L’American Bankers Association a demandé davantage de temps pour l’élaboration des règles relatives aux stablecoins liées à la loi GENIUS, en invoquant des lacunes dans la coordination réglementaire.
Résumé
L’American Bankers Association, dans une lettre envoyée mardi, a exhorté le U.S. Department of the Treasury, la Federal Deposit Insurance Corporation, le Financial Crimes Enforcement Network et l’Office of Foreign Assets Control à prolonger la période de commentaires publics liée à la mise en œuvre de la loi.
En regardant comment les règles sont rédigées au sein des différentes agences, le groupe a demandé 60 jours supplémentaires après que l’Office of the Comptroller of the Currency publiera son cadre final. Une grande partie du processus de consultation actuel, a-t-il fait valoir, dépend d’une règle qui n’est pas encore en place.
« La FDIC a déclaré explicitement… qu’elle “a cherché, dans de nombreux domaines, à aligner cette proposition de règle avec la proposition de règle de l’OCC” », indique la lettre. « Un commentaire significatif sur cette question est impossible sans connaître le contenu final de la règle de l’OCC. »
Cette dépendance a commencé à ralentir l’engagement. La FDIC elle-même a cherché des retours sur la manière dont les régulateurs fédéraux devraient aligner leurs approches, mais les acteurs de l’industrie restent incapables de répondre en détail sans une base de référence de l’OCC finalisée. À ce stade du processus, ce sont la coordination, plutôt que le fond, qui constitue le point de blocage.
Promulguée en juillet 2025 par Donald Trump, la loi GENIUS confie aux agences fédérales la tâche d’élaborer des règles pour les émetteurs de stablecoins de paiement. Le cadre devrait entrer en vigueur soit 120 jours après la publication des réglementations finales, soit 18 mois après l’adoption de la loi, selon la première échéance.
Les retards dans l’élaboration des règles pourraient repousser davantage ce calendrier. Plusieurs agences travaillent sur des domaines qui se chevauchent, notamment le provisionnement des réserves, les obligations de conformité et les normes de supervision. L’absence d’une règle finale de l’OCC s’est transformée en goulot d’étranglement, laissant des détails techniques clés sans solution.
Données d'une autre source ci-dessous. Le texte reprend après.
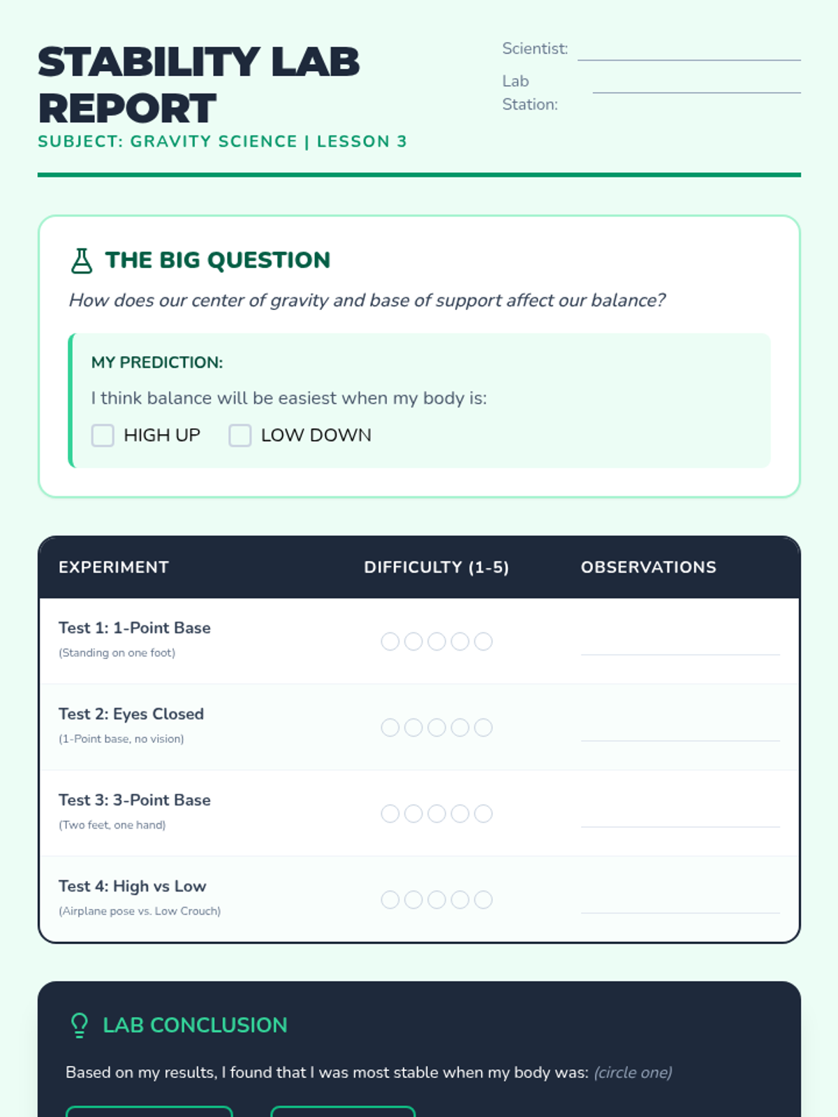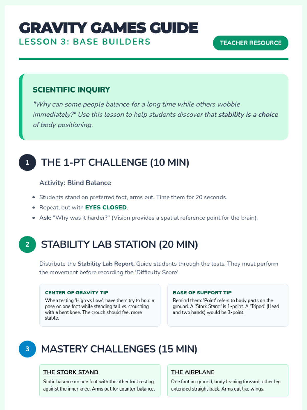 Students experiment with center of gravity and bases of support to maintain stability in various static poses.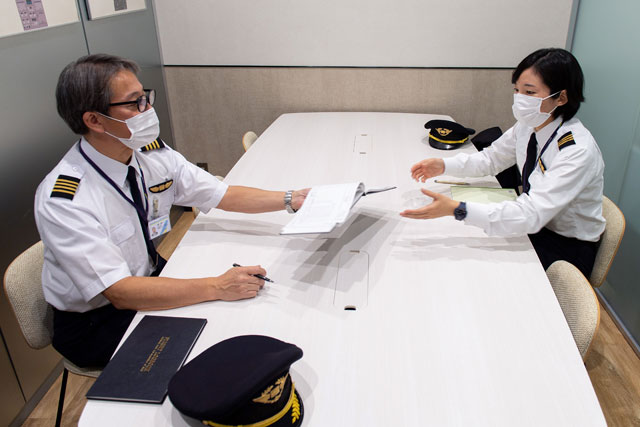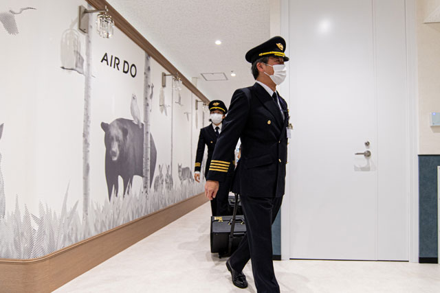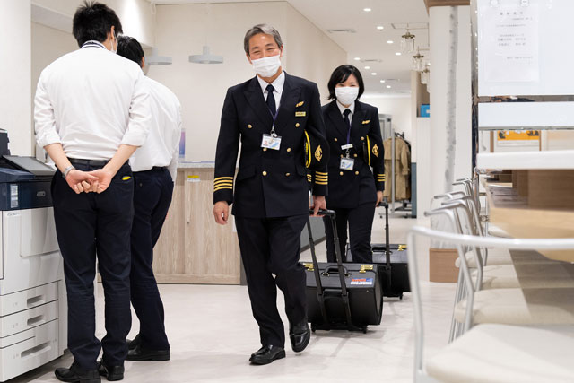 副操縦士に昇格し佐野機長とともに羽田空港内のオフィスから初フライトに向かう星さん=20年11月18日 PHOTO: Takayuki MURATA/Aviation Wire
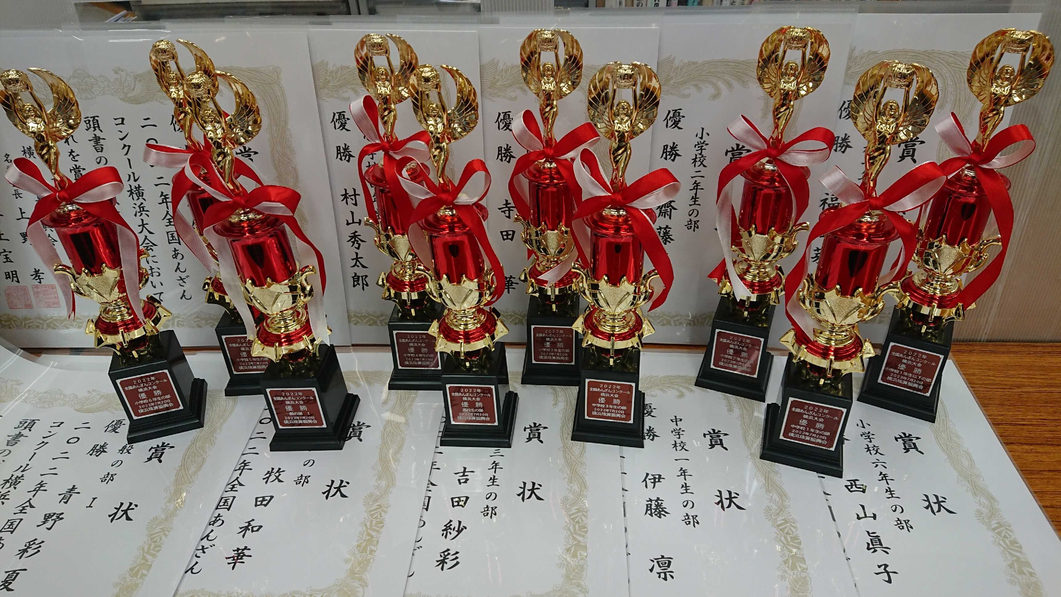 そろばん教室 横浜市神奈川区 緑区のそろばん教室七島教室 横浜市神奈川区七島町123 七島交差点脇東本郷教室 横浜市緑区東本郷4-13-31 本郷神社前教室のfacebook 教室のHPはこちら〇2022全国あんざんコンクール 横浜大会 結果 (2022年7月実施)毎年、全部門1位を狙って参加している大会ですが、今年は、中学2年生の部を除き、横浜1位を獲得しました。(この数年は、1部門だけ1位を取れない状況が続いています。50歳以上の部を除く)横浜で各部門1位を取ると、上記のトロフィーと優勝の賞状が授与されます。(よく、第〇支部で1位と、宣伝している教室を見かけますが、横浜の順位ではありません。(参加者の多くは、当教室が在籍している第1支部の選手です。)〇横浜1位(当教室)小学1年生以下の部 福留 芽依 3段小学2年生の部 齊藤 菜実 5段小学3年生の部 寺田 華(全国1位)9段 小学4年生の部 村山秀太郎 9段小学5年生の部 藤原さくら 9段小学6年生の部 西山 眞子 10段中学1年生の部 伊藤 凛 9段中学3年生の部 吉田 紗彩 9段高 校 生の部 牧田 和華 10段一般Ⅰ(50歳未満) 青野 彩夏 10段(段位は取得暗算段位)指導力は、どの教室にも負けません!『ライバル』・・意識する教室はありません。横浜では、当教室に追従する教室は無いと思います。暗算段位在籍者(現役生)75名、比べてみてください!

Les exigences de réserve et les mécanismes d’application restent en discussion. Les propositions du FinCEN, par exemple, ont décrit des obligations pour les programmes de lutte contre le blanchiment d’argent et la conformité aux sanctions, y compris la capacité de bloquer ou geler des transactions lorsque cela est requis. Ces mesures s’ajoutent aux considérations de la FDIC sur la manière dont les réserves devraient être détenues et divulguées, mais l’alignement entre les agences continue d’évoluer.
En dehors de la rédaction réglementaire, un débat parallèle se déroule au Congrès. Le rendement des stablecoins est devenu un point de contestation dans le cadre de la loi CLARITY, qui a été adoptée à la Chambre mais n’a pas encore avancé au Sénat.
Des échanges récents ont opposé des groupes bancaires à l’analyse économique de la Maison-Blanche. Alors que les estimations de l’administration ont laissé entendre que la limitation du rendement des stablecoins n’aurait qu’un effet modeste sur le crédit bancaire, les acteurs de l’industrie ont fait valoir que l’impact pourrait être plus important si ces produits commencent à concurrencer directement les dépôts.
Les législateurs n’ont pas encore trouvé d’accord sur la marche à suivre. Thom Tillis aurait suggéré que Tim Scott programme un examen en commission en mai, une démarche qui pourrait retarder un vote complet au Sénat.
Le calendrier législatif se déroule désormais en parallèle avec le travail réglementaire. Les agences continuent de rédiger les règles nécessaires à l’opérationnalisation de la loi GENIUS, tandis que le Congrès reste divisé sur des éléments clés de la structure du marché. Les deux volets avancent, bien que l’un comme l’autre n’ait pas encore retenu d’étape de fin claire.